■ WHAT NEEDS TO BE DONE ■
What is printed must match, line for line, the records from their first line through the line containing "2016年8月22日管網(wǎng)水水質(zhì)公示", with pictures left out.

■ Data extracted from a collection ■
= = = = =

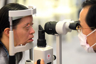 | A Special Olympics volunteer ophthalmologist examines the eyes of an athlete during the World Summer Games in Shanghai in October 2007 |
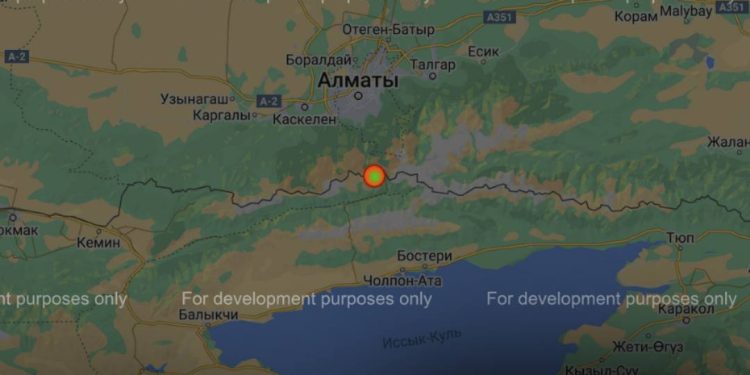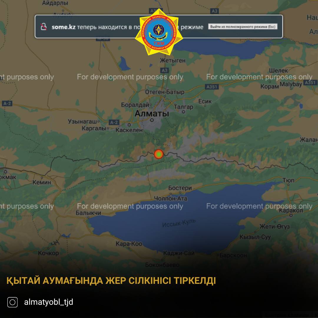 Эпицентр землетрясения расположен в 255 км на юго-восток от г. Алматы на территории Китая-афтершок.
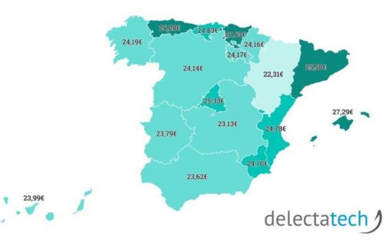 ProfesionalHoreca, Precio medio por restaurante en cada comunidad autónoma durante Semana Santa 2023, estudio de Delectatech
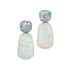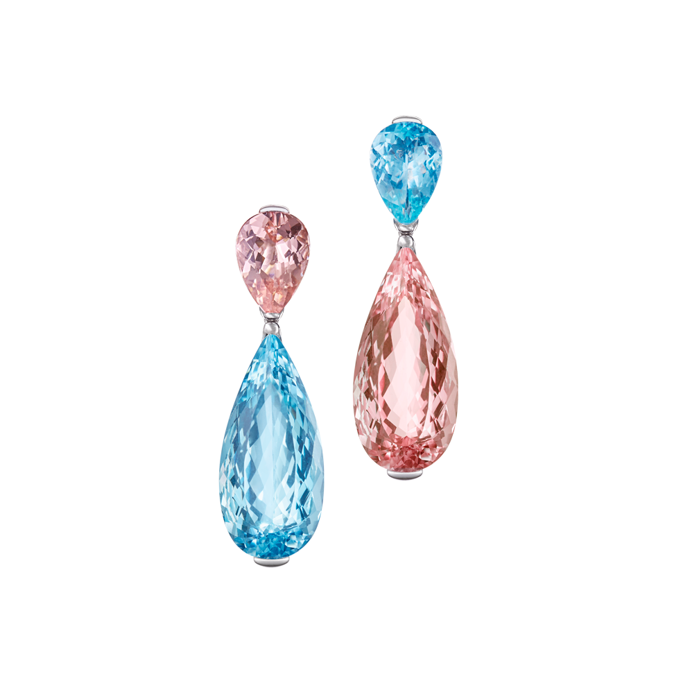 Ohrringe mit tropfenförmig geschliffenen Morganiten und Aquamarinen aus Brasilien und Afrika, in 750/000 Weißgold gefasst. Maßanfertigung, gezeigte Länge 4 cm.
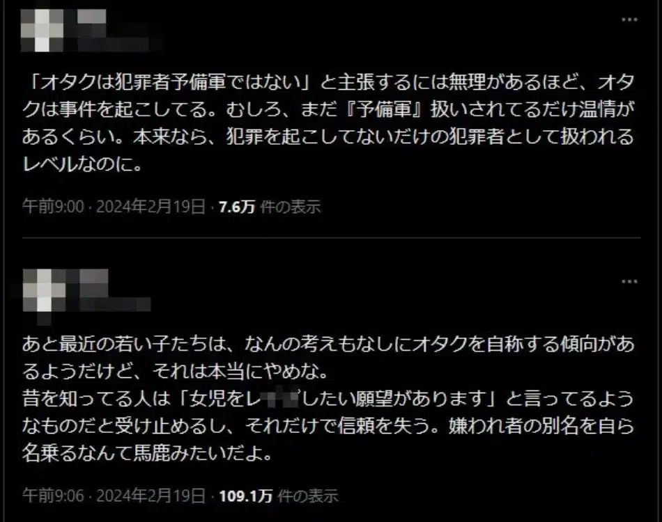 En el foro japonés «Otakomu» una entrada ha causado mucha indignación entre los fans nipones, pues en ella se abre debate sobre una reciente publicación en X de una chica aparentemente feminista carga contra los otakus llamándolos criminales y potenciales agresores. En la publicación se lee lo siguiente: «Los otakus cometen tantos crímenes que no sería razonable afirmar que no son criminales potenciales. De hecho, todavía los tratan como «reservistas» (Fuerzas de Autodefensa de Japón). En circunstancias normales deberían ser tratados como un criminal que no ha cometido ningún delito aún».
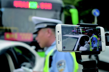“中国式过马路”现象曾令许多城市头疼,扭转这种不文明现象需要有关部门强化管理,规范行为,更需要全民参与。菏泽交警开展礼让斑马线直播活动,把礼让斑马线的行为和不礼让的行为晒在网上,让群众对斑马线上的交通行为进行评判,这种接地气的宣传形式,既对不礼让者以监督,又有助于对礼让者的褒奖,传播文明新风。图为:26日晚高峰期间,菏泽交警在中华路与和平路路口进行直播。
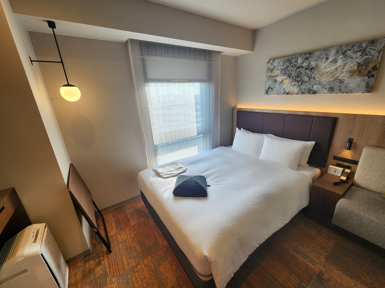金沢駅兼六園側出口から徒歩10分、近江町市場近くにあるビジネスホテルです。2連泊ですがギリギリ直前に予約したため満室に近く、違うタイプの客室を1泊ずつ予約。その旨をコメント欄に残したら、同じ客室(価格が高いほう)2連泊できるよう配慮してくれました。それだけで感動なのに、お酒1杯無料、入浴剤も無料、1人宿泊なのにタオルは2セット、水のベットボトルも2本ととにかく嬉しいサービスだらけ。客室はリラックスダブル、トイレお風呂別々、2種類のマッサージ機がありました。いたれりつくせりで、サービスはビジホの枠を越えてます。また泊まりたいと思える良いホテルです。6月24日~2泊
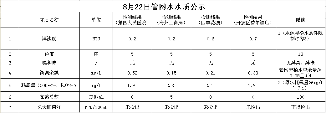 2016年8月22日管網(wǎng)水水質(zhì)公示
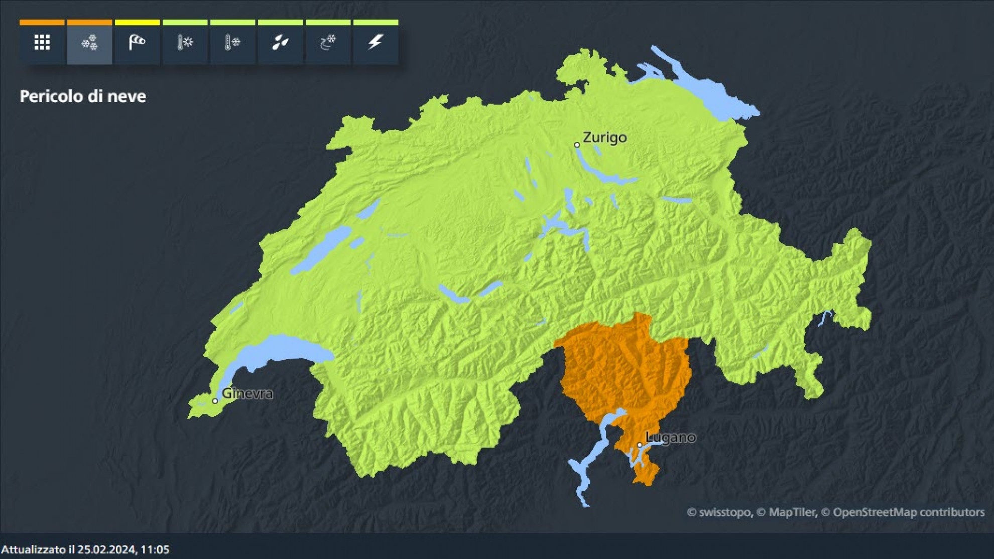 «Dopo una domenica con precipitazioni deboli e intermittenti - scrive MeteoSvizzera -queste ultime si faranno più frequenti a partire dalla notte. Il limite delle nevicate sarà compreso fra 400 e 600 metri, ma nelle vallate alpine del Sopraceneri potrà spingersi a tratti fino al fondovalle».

= = = = =

■ RESULT OF THE EXERCISE ■
 | A Special Olympics volunteer ophthalmologist examines the eyes of an athlete during the World Summer Games in Shanghai in October 2007 |
 Эпицентр землетрясения расположен в 255 км на юго-восток от г. Алматы на территории Китая-афтершок.
 ProfesionalHoreca, Precio medio por restaurante en cada comunidad autónoma durante Semana Santa 2023, estudio de Delectatech
 Ohrringe mit tropfenförmig geschliffenen Morganiten und Aquamarinen aus Brasilien und Afrika, in 750/000 Weißgold gefasst. Maßanfertigung, gezeigte Länge 4 cm.
 En el foro japonés «Otakomu» una entrada ha causado mucha indignación entre los fans nipones, pues en ella se abre debate sobre una reciente publicación en X de una chica aparentemente feminista carga contra los otakus llamándolos criminales y potenciales agresores. En la publicación se lee lo siguiente: «Los otakus cometen tantos crímenes que no sería razonable afirmar que no son criminales potenciales. De hecho, todavía los tratan como «reservistas» (Fuerzas de Autodefensa de Japón). En circunstancias normales deberían ser tratados como un criminal que no ha cometido ningún delito aún».
“中国式过马路”现象曾令许多城市头疼,扭转这种不文明现象需要有关部门强化管理,规范行为,更需要全民参与。菏泽交警开展礼让斑马线直播活动,把礼让斑马线的行为和不礼让的行为晒在网上,让群众对斑马线上的交通行为进行评判,这种接地气的宣传形式,既对不礼让者以监督,又有助于对礼让者的褒奖,传播文明新风。图为:26日晚高峰期间,菏泽交警在中华路与和平路路口进行直播。
金沢駅兼六園側出口から徒歩10分、近江町市場近くにあるビジネスホテルです。2連泊ですがギリギリ直前に予約したため満室に近く、違うタイプの客室を1泊ずつ予約。その旨をコメント欄に残したら、同じ客室(価格が高いほう)2連泊できるよう配慮してくれました。それだけで感動なのに、お酒1杯無料、入浴剤も無料、1人宿泊なのにタオルは2セット、水のベットボトルも2本ととにかく嬉しいサービスだらけ。客室はリラックスダブル、トイレお風呂別々、2種類のマッサージ機がありました。いたれりつくせりで、サービスはビジホの枠を越えてます。また泊まりたいと思える良いホテルです。6月24日~2泊
 2016年8月22日管網(wǎng)水水質(zhì)公示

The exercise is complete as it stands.